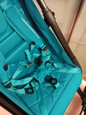 Бампера у этой коляске нет, но 5-ти точечные ремни удобные с простой регулировкой.
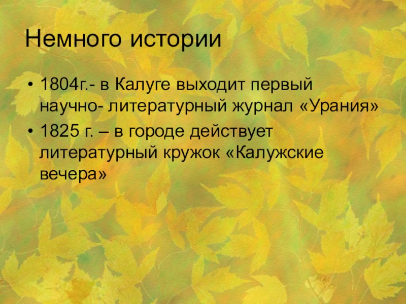1804г.- в Калуге выходит первый научно- литературный журнал «Урания»
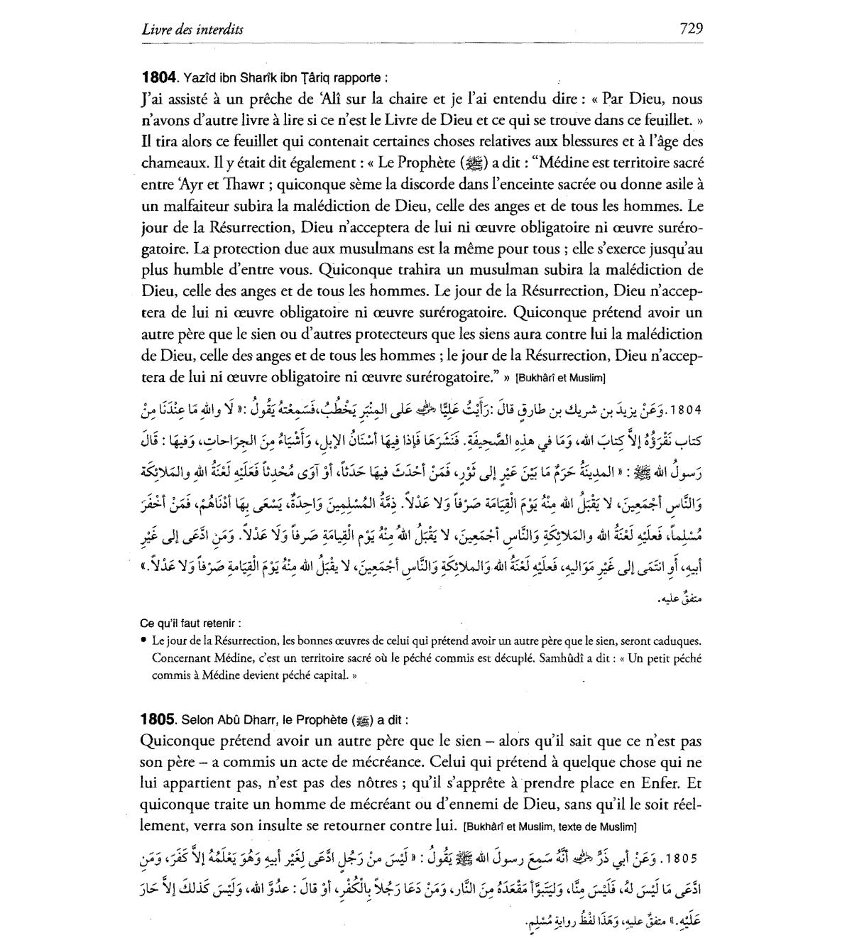 • Le jour de la Resurrection, Ies bonnes a:uvres de celui qui pretend avoir un autre pere que Ie sien, seront caduques.
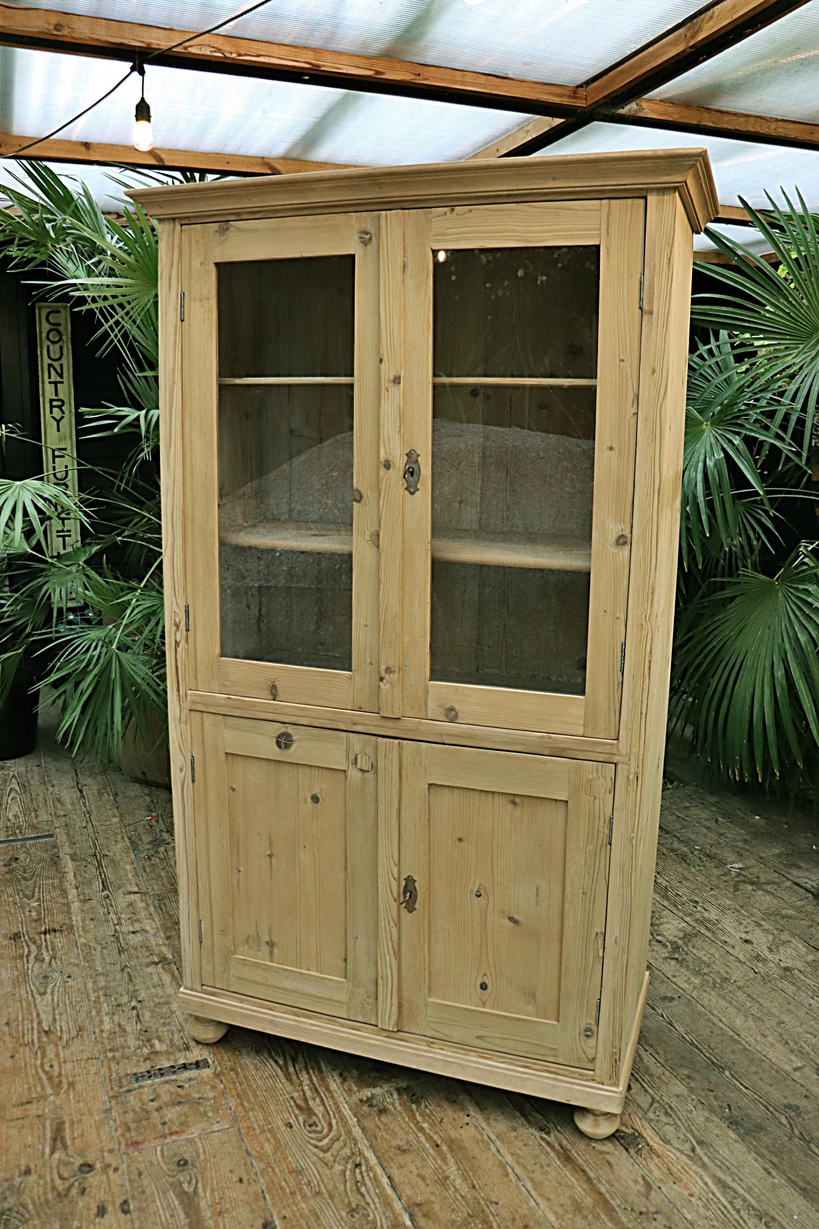 Fabulous Old Pine Glazed 4 Door Cupboard - Display / Larder / Linen
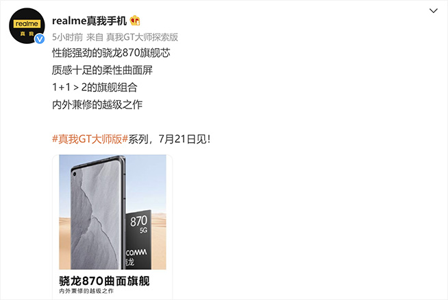 自本周realme真我官方宣布7月21日將發(fā)布真我GT大師系列新機(jī)以來(lái),真我GT大師系列連日來(lái)的關(guān)注度迅速攀升。7月16日,真我GT大師系列關(guān)鍵的性能與屏幕參數(shù)逐漸出爐,其中真我GT大師探索版確認(rèn)會(huì)是realme首款搭載驍龍870移動(dòng)平臺(tái)的曲面旗艦。
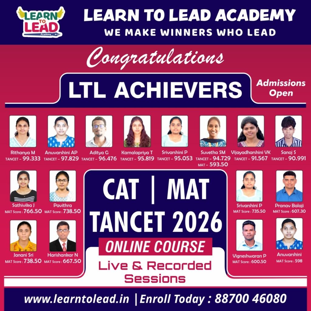 Dear Aspirants, Are you gearing up for TANCET 2026 and seeking expert guidance to ace the exam with flying colours? Look no further! Learn to Lead Academy is thrilled to announce the commencement of admissions for our comprehensive online coaching program for TANCET 2026.
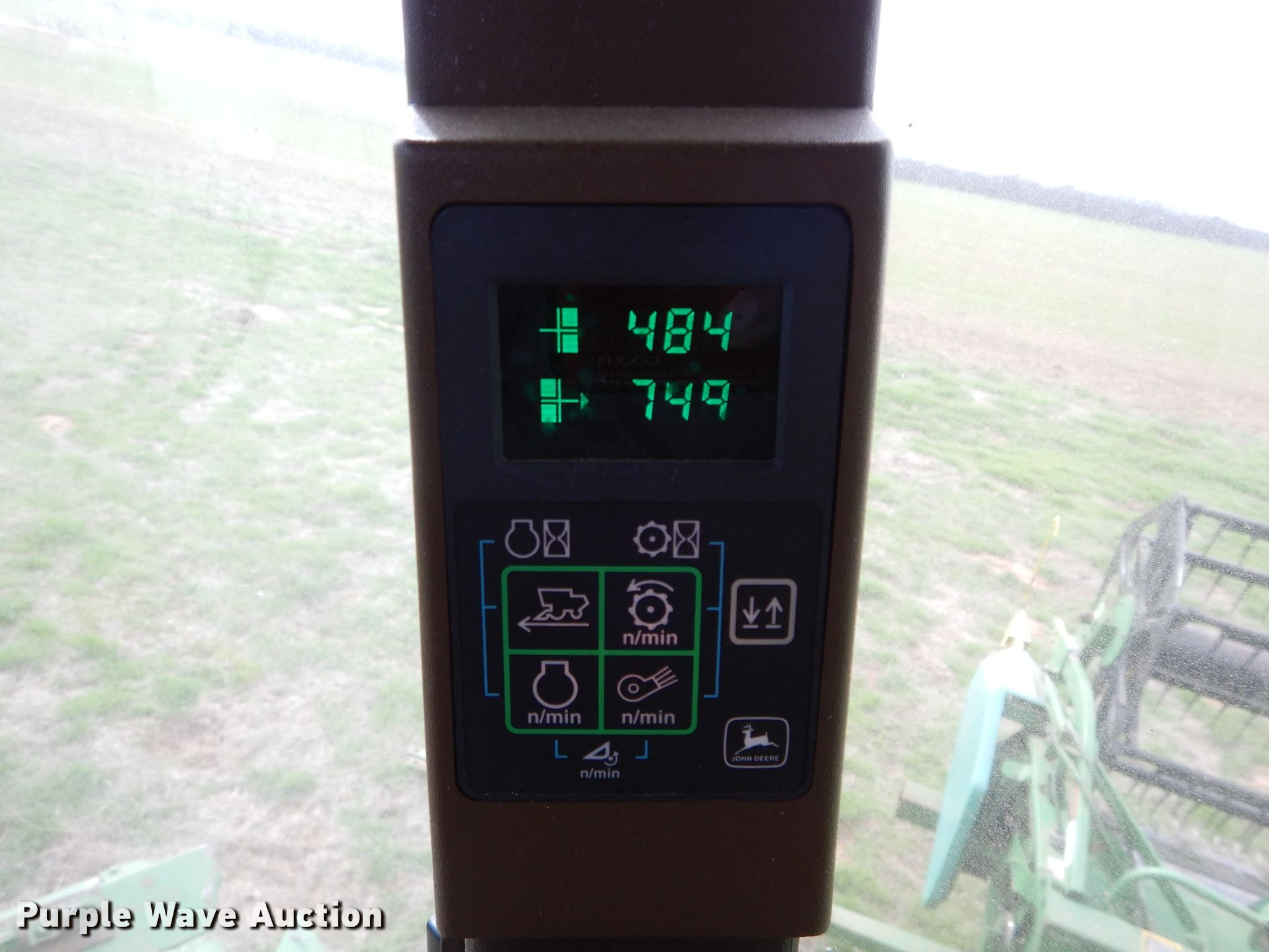Purple Wave is selling a used Combine in Oklahoma. This item is a John Deere 9600 combine with the following: 749 engine hours on meter, 484 separator hours on meter, Six cylinder diesel engine, Hydrostatic transmission, Feederhouse, Variable speed, Reverser, AC and heat, Round concaves, Bin extensions, 30.5L-32 front tires, 14.9-24 rear tires

········

→ WHAT TO PRODUCE
The response must match the data line for line, from its first line through the line with "Dear Aspirants, Are", inclusive, and must leave out the pictures.

→ RESPONSE TO THIS TASK
 Бампера у этой коляске нет, но 5-ти точечные ремни удобные с простой регулировкой.
1804г.- в Калуге выходит первый научно- литературный журнал «Урания»
 • Le jour de la Resurrection, Ies bonnes a:uvres de celui qui pretend avoir un autre pere que Ie sien, seront caduques.
 Fabulous Old Pine Glazed 4 Door Cupboard - Display / Larder / Linen
 自本周realme真我官方宣布7月21日將發(fā)布真我GT大師系列新機(jī)以來(lái),真我GT大師系列連日來(lái)的關(guān)注度迅速攀升。7月16日,真我GT大師系列關(guān)鍵的性能與屏幕參數(shù)逐漸出爐,其中真我GT大師探索版確認(rèn)會(huì)是realme首款搭載驍龍870移動(dòng)平臺(tái)的曲面旗艦。
 Dear Aspirants, Are you gearing up for TANCET 2026 and seeking expert guidance to ace the exam with flying colours? Look no further! Learn to Lead Academy is thrilled to announce the commencement of admissions for our comprehensive online coaching program for TANCET 2026.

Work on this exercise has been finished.